Why complete medical questionnaires thoroughly
Medical questionnaires exist for a simple reason: insurers need enough information to assess risk and set terms. If a client’s answers are incomplete, vague, or don’t line up with the supporting evidence, underwriting is more likely to slow down. That can also lead to avoidable follow-up requests – or an outcome that feels abrupt to the client.
Your role is to reduce friction by helping the client produce a clear, factual record. In practice, that means making it easy for the insurer to understand what happened, when it happened, what treatment took place, and the client’s current status.
The duty of fair presentation
Depending on the jurisdiction (and the type of contract), applicants may have a legal obligation to disclose information that could influence an insurer’s assessment of risk. This is sometimes referred to as a duty of fair presentation. Marsh notes that, even where a proposal form is used, the duty is not confined to answering the specific questions; the insured must disclose all material circumstances. “Material circumstances” are those that would influence the judgement of a prudent insurer when setting premium and terms, or deciding whether to accept the risk. [1]
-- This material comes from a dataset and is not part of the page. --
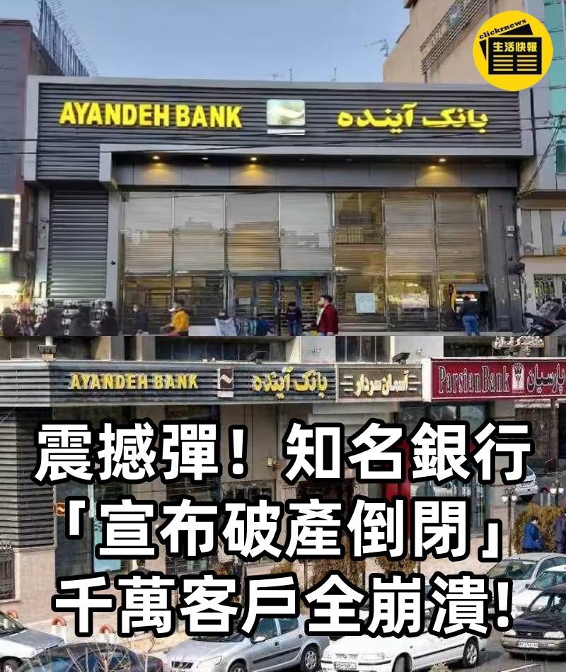 1/5 震撼彈!知名銀行「宣布破產倒閉」千萬客戶全崩潰 受到國際制裁的經濟壓力影響,伊朗政府日前罕見宣布該國規模最大的私人金融機構之一「未來銀行」(Ayandeh Bank)正式破產, 高達29億美元(約新台幣905億元)的龐大負債將交由國營銀行概括承受。 儘管經濟部

Material facts might include pre-existing conditions, ongoing treatment, past operations, chronic or serious illness, mental health history, and any condition for which medical advice, diagnosis or treatment has been sought. Even if something wouldn’t necessarily lead to a higher premium, it can still be material. Depending on the applicable rules and policy terms, similar duties can apply at inception, at renewal and when changing cover mid-term.
A failure to make a fair presentation can have serious consequences. [1] In some circumstances, an insurer may treat the policy as void (as if it never existed), or apply other remedies that affect cover or claims. The safest approach is to disclose anything that may be relevant, and to provide supporting evidence where it helps the underwriter assess the risk fairly.
Encourage clients to answer every question honestly and fully. Don’t guess. If they’re unsure about a medical detail, ask them to check with their clinician, or provide the best-supported information (with context) rather than leaving it out. Remind them that omissions or misstatements can create problems later, including at claims stage. [1]
Why underwriting relies on thorough questionnaires
Underwriters are usually working from documents, not conversations. A strong questionnaire reads like a simple timeline: condition → diagnosis → treatment → outcome → current status. That makes it easier to assess risk without repeated requests for clarification.
Thoroughness also protects the client. If a future claim relates to a condition the insurer believes wasn’t properly disclosed, the client may face delay while evidence is reviewed. Clear disclosure at the outset reduces that risk.
Why clients hesitate – and how to respond
Hesitation is common. Many clients worry that disclosure will increase cost, result in exclusions, or lead to a decline. Others worry about stigma (particularly around mental health), or simply can’t remember dates and details.
Your job isn’t to persuade them to disclose less. It’s to explain why accuracy matters, how confidentiality is handled, and how to gather the evidence they need to answer confidently.
How brokers prepare clients (gathering records, translation)
The smoothest underwriting submissions start before the client even opens the questionnaire. Preparation reduces “unknowns” and makes guesswork less likely.
Preparing before the questionnaire
Start by setting expectations. Underwriting typically needs two things: (1) clear answers and (2) supporting evidence where the history is complex, recent, unclear, or ongoing.
Practical steps that help most clients:
- Create a simple health timeline: diagnoses and symptoms, consultations, tests, treatment changes, hospital admissions, and outcomes.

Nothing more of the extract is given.